Vinte anos de fome e violência

O êxodo maciço dos somalis começou em 1991, quando caiu o ditador Siad Barre, cujo regime era alimentado pelo jogo diplomático da Guerra Fria, com fundos vindos ora de Washington ora de Moscovo. O vazio de poder originou uma luta fratricida entre numerosos clãs rivais, numa sopa de letras de siglas manchadas com sangue.

A piorar o quadro estão as inclementes vagas de secas que deixam famílias na fome extrema. Em 2011, o Corno de África passou pela pior seca dos últimos 60 anos. A fome matou 80 mil pessoas na Somália só num ano. Para fugir à morte, cem mil atravessaram a fronteira e engrossaram as longas filas à porta de Dadaab.

A instabilidade no poder permitiu o desenvolvimento de um autêntica “indústria” da pirataria. O golfo de Áden, importantíssimo ponto de passagem para o comércio marítimo, transformou-se num dos pontos mais perigosos dos oceanos, com os assaltos a embarcações a tornarem-se frequentes. Em terra, a Somália tornou-se um campo fértil para o extremismo islâmico, com o grupo Al-Shabab, ligado à Al-Qaeda, à cabeça. Estima-se que integre entre sete mil e nove mil milicianos somalis. Assim se constrói um Estado falhado.

No Quénia tornou-se comum associar os somalis com a Al-Shabab, o que torna os refugiados ainda menos desejados no país. O ataque bombista ao centro comercial Westgate, em Nairobi, no final de Setembro, pode ter sido a gota de água para os quenianos, apesar da insistência da ONU de que a repatriação dos refugiados é voluntária.

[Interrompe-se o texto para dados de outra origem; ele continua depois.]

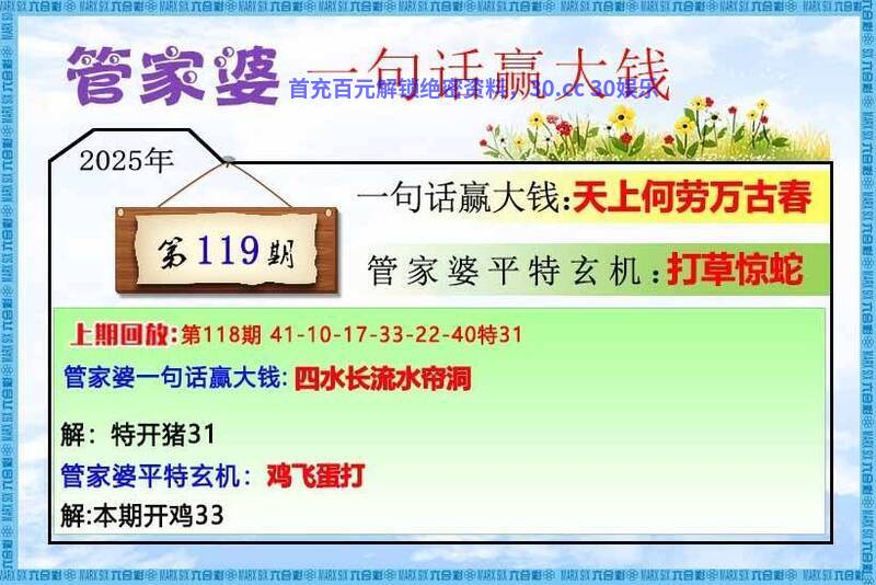 | 121期管家婆一句话:开出三五两心数 解:开出三五两心数,解大数特码25-49,解单肖兔牛猪鸡羊蛇 综合:牛兔龙羊鸡狗 |
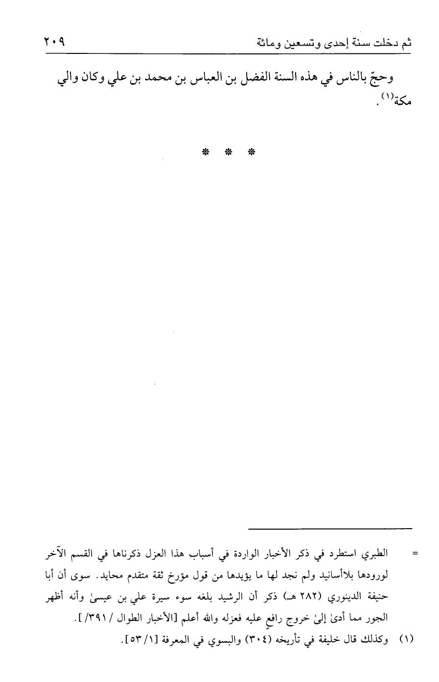 = الطبري استطرد في ذكر الأخبار الواردة في أسباب هذا العزل ذكرناها في القسم الآخر لورودها بلا أسانيد ولم نجد لها ما يؤيدها من قول مؤرخ ثقة متقدم محايد. سوى أن أبا حنيفة الدينوري (٢٨٢ هـ) ذكر أن الرشيد بلغه سوء سيرة علي بن عيسى وأنه أظهر الجور مما أدى إلى خروج رافع عليه فعزله والله أعلم [الأخبار الطوال / ٣٩١ /].
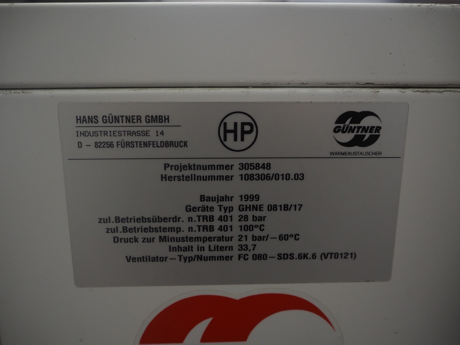 Güntner GmbH & Co. KG evaporator, type: GHNE 081B/17, number: 108306/010.03, year of construction: 1999, 1 fan, total dimensions: 2000 mm x 1500 mm x 1000 mm.
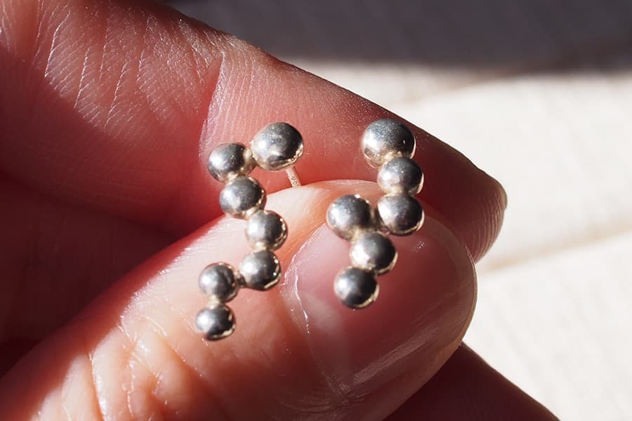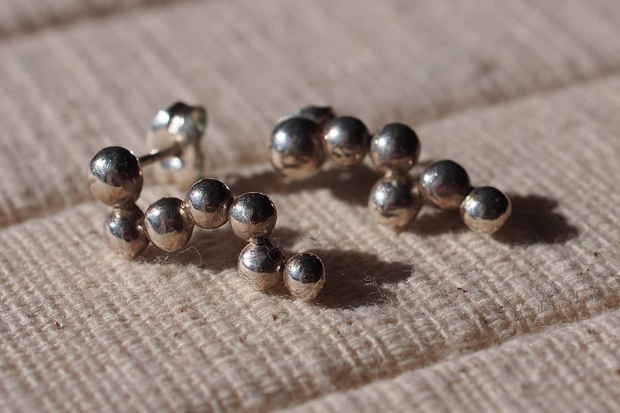 つながった粒々がかわいい。繊細なデザインのピアスです。
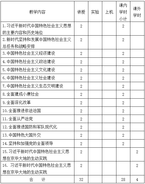 本课程教学共32学时,有4学时实践教学安排在讲授学时内。教学内容依托北京高校思政课高精尖创新中心首批12个“习近平新时代中国特色社会主义思想在京华大地的生动实践”教学案例,以及学校现有的思政课实践教学资源,选择2个案例,组织学生进行实践教学。
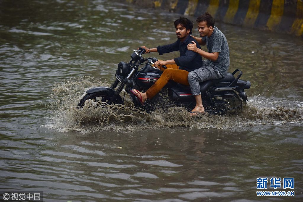 当地时间2018年7月21日,印度诺伊达,由于连日暴雨,道路出现积水影响民众出行。(图片来源:视觉中国)

Em 2012 terminou o mandato do Governo Federal de Transição na Somália, que deu lugar ao primeiro Governo federal desde o início dos anos 1990. O vislumbre de estabilidade no país pode ter acelerado o processo de transição, mas, como nota Geno Teofilo, do escritório de Nairobi da Oxfam, ainda “não é certo que [a Somália] tenha condições”. Ao PÚBLICO, refere que “há partes que não estão seguras”, mas que a Somália “está a recuperar”. O desejo é o de que “as pessoas não regressem para terem fome”.